Google Cloud に機械学習 API をデプロイするとき、Cloud Run と Vertex AI Endpoint のどちらを選ぶべきか?

こんにちは。2024年6月に中途入社した機械学習エンジニアの深澤(@fukkaa1225)です。新しいエキサイティングな環境を毎日楽しんでます!

本記事では機械学習 API をデプロイする際、コストの観点からどのようなサービスを選ぶべきかについて述べたいと思います。

はじめに

コミューンは Google Cloud を活用している企業です。機械学習アプリケーションも同様に Google Cloud を活用しています。

機械学習アプリケーションとしてデプロイされているものの数はまだ多くはありませんが、一つ一つが重要な役割を果たしています。その中の一つに、投稿詳細画面でのニアリアルタイムレコメンドが存在します。詳細はこちらの記事を御覧ください。

tech.commune.co.jp

こちらのアプリケーションは Pub/Sub 経由でリクエストを受け取った前段の API が、後段に控えている推論サーバにリクエストを投げる形を取っています。このリクエストは少し時間がかかるため、非同期に処理するようになっています。
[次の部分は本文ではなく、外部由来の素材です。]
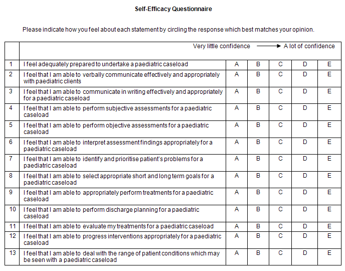 The questionnaire was designed in two parts and included 13 items specific to tasks undertaken in a paediatric physiotherapy practice domain (Appendix I). The first part was to obtain demographic and background details of the physiotherapist participant, while the second part was to obtain a quantitative picture of the self-efficacy scores of the participants with regards to working with paediatric caseloads. Self-efficacy was measured on a 5 point Likert scale ('very little confidence' to 'a lot of confidence'). Pajares has demonstrated that researchers assess self-efficacy beliefs by asking individuals to report the level, generality, and strength of their confidence to accomplish a task or succeed in a certain situation16. The self-efficacy questionnaire used was slightly modified from a previous JCU research project and is based on the ideas of Pajares, which determine that self-efficacy should be measured in terms of personal judgments of capability that vary across a realm of activity, different levels of task demands and under different circumstances, so as to not result in a generalised or global measurement16.

このようなアプリケーションをデプロイするとき、Google Cloud ではどのサービスを選ぶのが最も適切なのでしょうか?本記事では、このテーマについて主にコスト面に焦点をおいて論じていきます。

デプロイする先の選択肢

Google Cloud で機械学習 API をデプロイする場合、その選択肢をまずは洗い出してみます。

  • Vertex AI Endpoint
  • Cloud Run
  • Compute Engine
  • Google Kubernetes Engine(GKE)
  • App Engine

これらが主な選択肢として考えられるかと思います。今回デプロイしたいアプリケーションはコンテナで動作するようになっています。そのため、コンテナのデプロイが容易で管理の手間が少ないサービスを選びました。具体的には Cloud Run と Vertex AI Endpoint の 2つに絞りました。

コスト面における Cloud Run と Vertex AI Endpoint の違い

各サービスの詳細はここでは割愛して、主にコスト面での違いを比較しようと思います。なお、それなりの規模で運用しているサービスであることを前提として、ここでは無料枠については議論の対象からは外します。

まず Cloud Run ですが、こちらは Google Cloud 上で動くコンテナ実行に特化したプラットフォームです。いわゆるサーバレスな環境でアプリケーションを実行できます。課金体系はリクエストの処理時間に応じて利用した vCPU, メモリになります。注意したいのが、リクエストを受け付ける前のコンテナ起動にかかる時間も課金の対象に含まれる点です(CPUを常に割り当てる設定などもありますが、ここではリクエスト時のみ CPU を割り当てる設定だと仮定します)。

次に Vertex AI Endpoint について述べます。こちらは Cloud Run とは異なり、Compute Engine のインスタンスがバックエンドに立っていて、その環境上でアプリケーションを実行します。そのため、課金額は利用するインスタンスのタイプに依存し、利用していない時間帯でも立てているインスタンスの台数に応じて料金が発生します。また、リクエスト流量に応じてインスタンス台数をスケールさせる機能が備わっています。

サービス 課金体系 具体例
Cloud Run リクエストの処理時間に応じて利用した vCPU, メモリ 4cpu, 16GB mem で起動している場合、CPUは$0.000096/秒, メモリは$0.00004/ 秒
Vertex AI Endpoint 利用する Compute Engine インスタンスのタイプごとの単価×起動時間 (e2-standard-4, 4cpu,16GB mem)ならば $0.17/hour

Cloud Run の方は課金額の単位が秒、Vertex AI Endpoint は時間であることに注意が必要です。また、Cloud Run の課金は別のリクエストを処理している最中に別のリクエストが来て捌けるのであれば、その分安くなります。concurrency をあげると試算ツールの見積もりが安くなるのはこれが要因です。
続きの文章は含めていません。